The figure above shows the situation of equilibrium at less than full employment level. Actual equilibrium, OLE, is short of full employment equilibrium, OLE. Thus, the distance OLF to OLE measures unemployment. This is called involuntary unemployment, a situation at which people are willing to work but do not find jobs.

This unemployment, according to Keynes, is due to the deficiency of aggregate demand. This unemployment can be removed by stimu­lating aggregate demand. Aggregate demand is the sum total of consumption and invest­ment demand or expenditures in the economy. By raising consumption expenditure, the level of employment can be raised.

But there is a limit to consumption expenditure. So what is needed is the raising of (private) investment demand. Anyway, an increase in consump­tion demand and investment demand will raise the level of employment in the economy.

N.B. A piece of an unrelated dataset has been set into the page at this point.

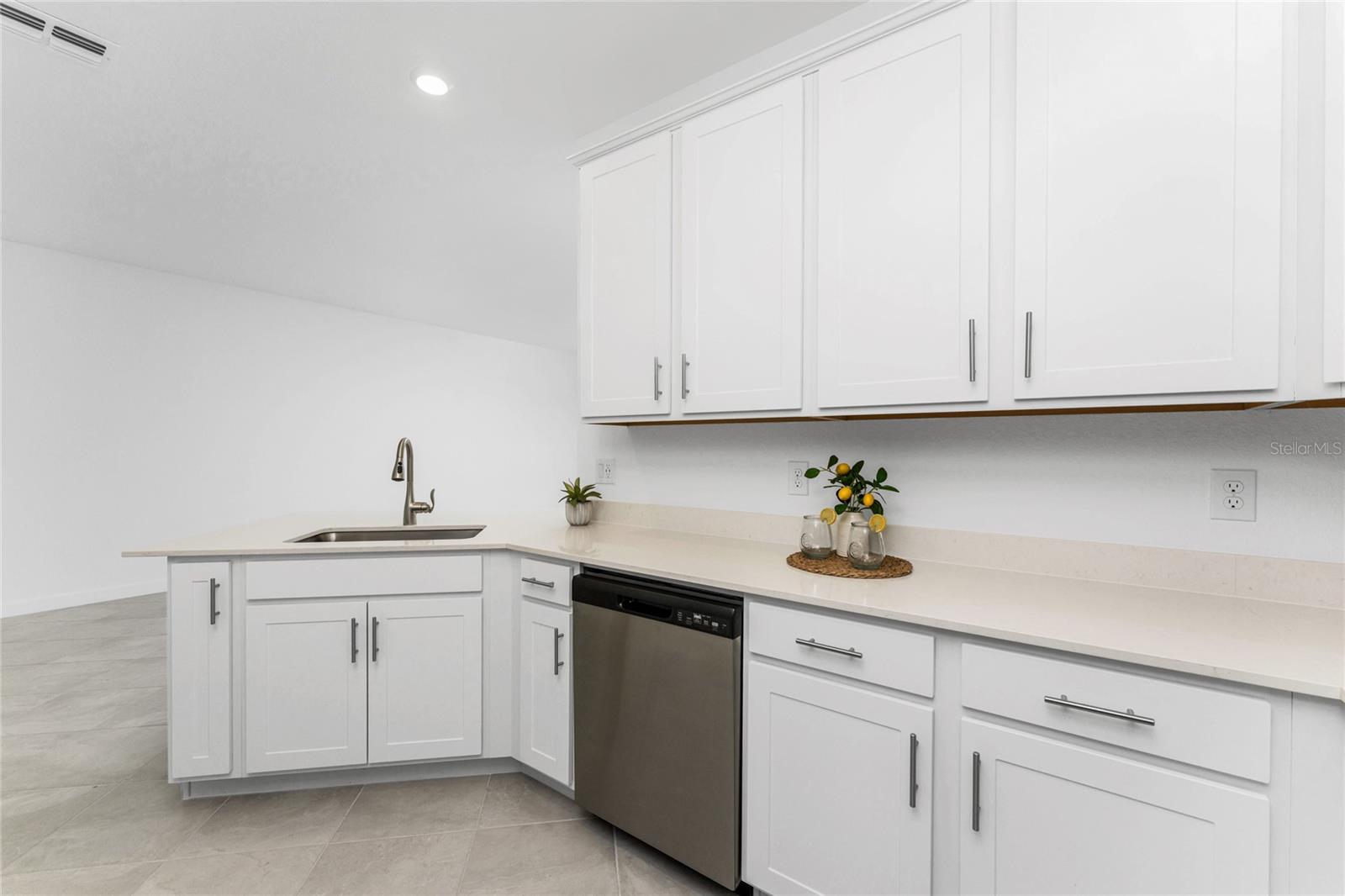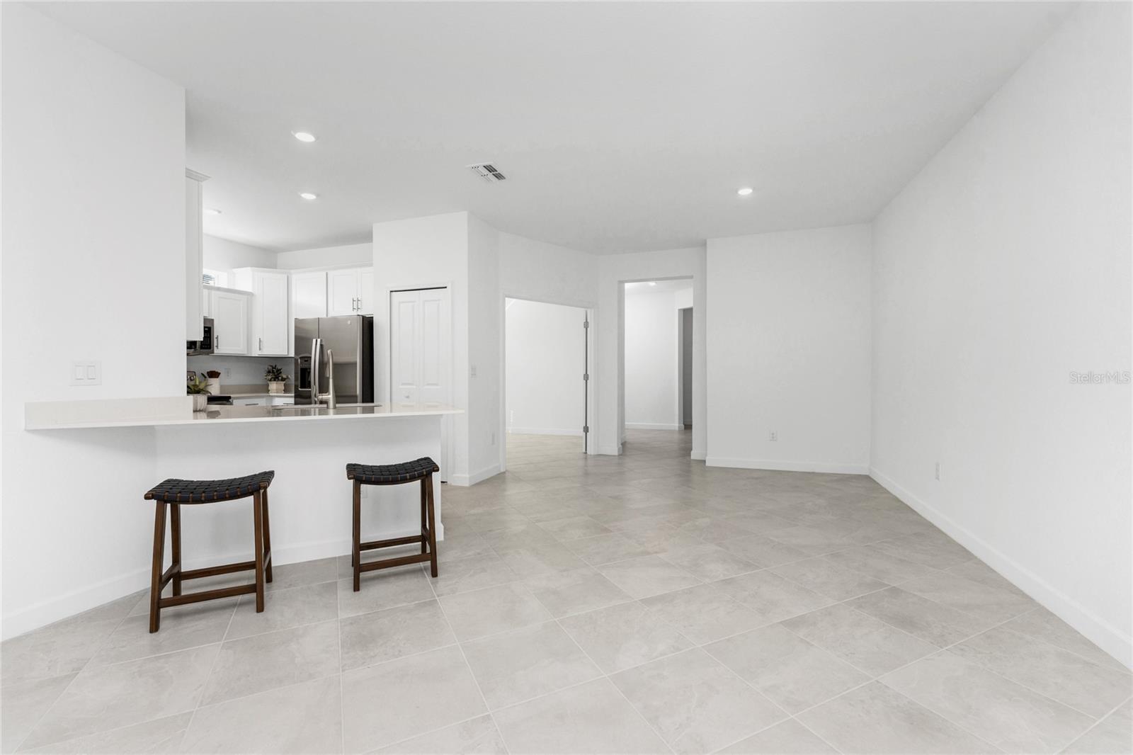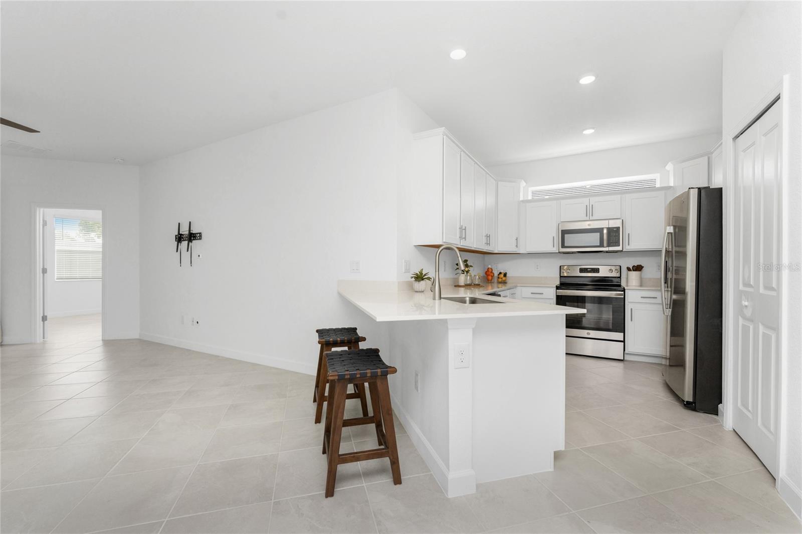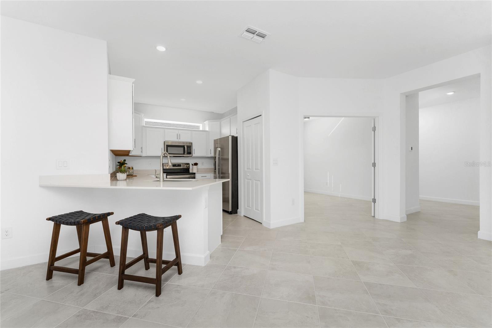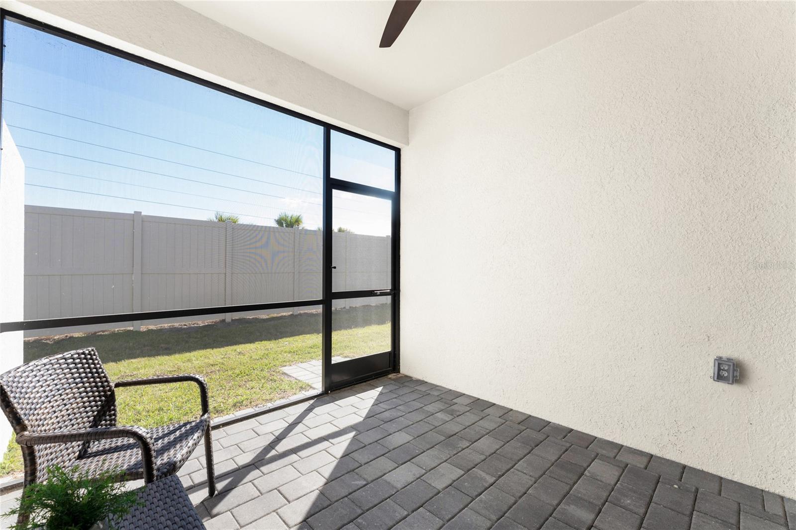 Welcome to Palm Lake at Coco Bay, a gated, master planned community in Englewood where coastal living meets modern, easy comfort. Built in 2024 by Lennar Homes, this beautifully maintained two bedroom plus den, two bathroom villa is ideal for anyone seeking a low maintenance, active Florida lifestyle. As an added bonus, this property has a Letter of Map Revision from FEMA, moving it into the X Flood Zone. A paver driveway sets the tone as you arrive, leading into a bright, open layout that is very welcoming. Diagonally set tile flooring flows throughout the home, there are impact windows and doors, and a like new condition that lets you move right in and start enjoying the good life. The kitchen is designed for both everyday living and entertaining, opening seamlessly to the great room and featuring quartz countertops, an abundance of white shaker style cabinetry, a breakfast bar, and a spacious closet pantry. Sliding glass doors extend the living space outdoors to a covered, screened paver lanai, the perfect spot to enjoy a quiet morning with a book or unwind in the evening with your favorite cocktail. The ensuite primary bedroom is a peaceful retreat, offering a walk-in closet, a walk-in shower, and dual separate quartz topped vanity sinks. The guest bedroom includes a reach-in closet, while the guest bathroom features a quartz topped vanity and a shower tub combination, ideal for visiting friends or family. An interior laundry room adds convenience along with extra storage space. Life at Palm Lake at Coco Bay is all about balance. The community offers a vibrant blend of relaxation and activity, with a clubhouse, resort style pool, and pickleball courts that make it easy to meet neighbors and enjoy friendly competition. Sidewalk lined streets invite evening strolls and morning walks, adding to the welcoming neighborhood feel. Quarterly HOA fees cover lawn maintenance, irrigation, and internet, allowing you more time to enjoy everything Southwest Florida has to offer. Located at 8117 Shore Lake Drive, this home is conveniently less than six miles from the beach and offers easy access to shopping, dining, and entertainment in both Englewood and Boca Grande. This is Florida living done right, simple, stylish, and designed for enjoying every day.

The point of effective demand has been changed because of the shifting of AD curve from AD to AD1 New effective demand is now given by E1 Corresponding to this point, the equilibrium level of employment is OLF, the level of full employment.

Thus, in Keynes’ theory, unemployment is due to the deficiency of effective demand. Only by stimulating effective demand can a higher level of employment be achieved. However, Keynes goes on arguing that equi­librium level of employment will not neces­sarily be at full employment.

A capitalist economy will always experience underem­ployment equilibrium, an equilibrium situation less than full employment. Full employ­ment, according to Keynes, can never be achieved. In Keynes’ scheme of things, both consumption and investment cannot be raised enough to employ more workforce. Therefore, he recommends the government to come forward and take appropriate action to cure the unemploy­ment problem.

This means that aggregate de­mand is now the sum total of all consumption, investment and government expenditures. It is because of the multiplier effect of both pri­vate investment expenditure and government expenditure, that there will be larger income, output and employment. But equilibrium in the economy will be established at less than full employment situation because of (i) wage rigidity, (ii) interest inelasticity of investment, and (iii) liquidity trap.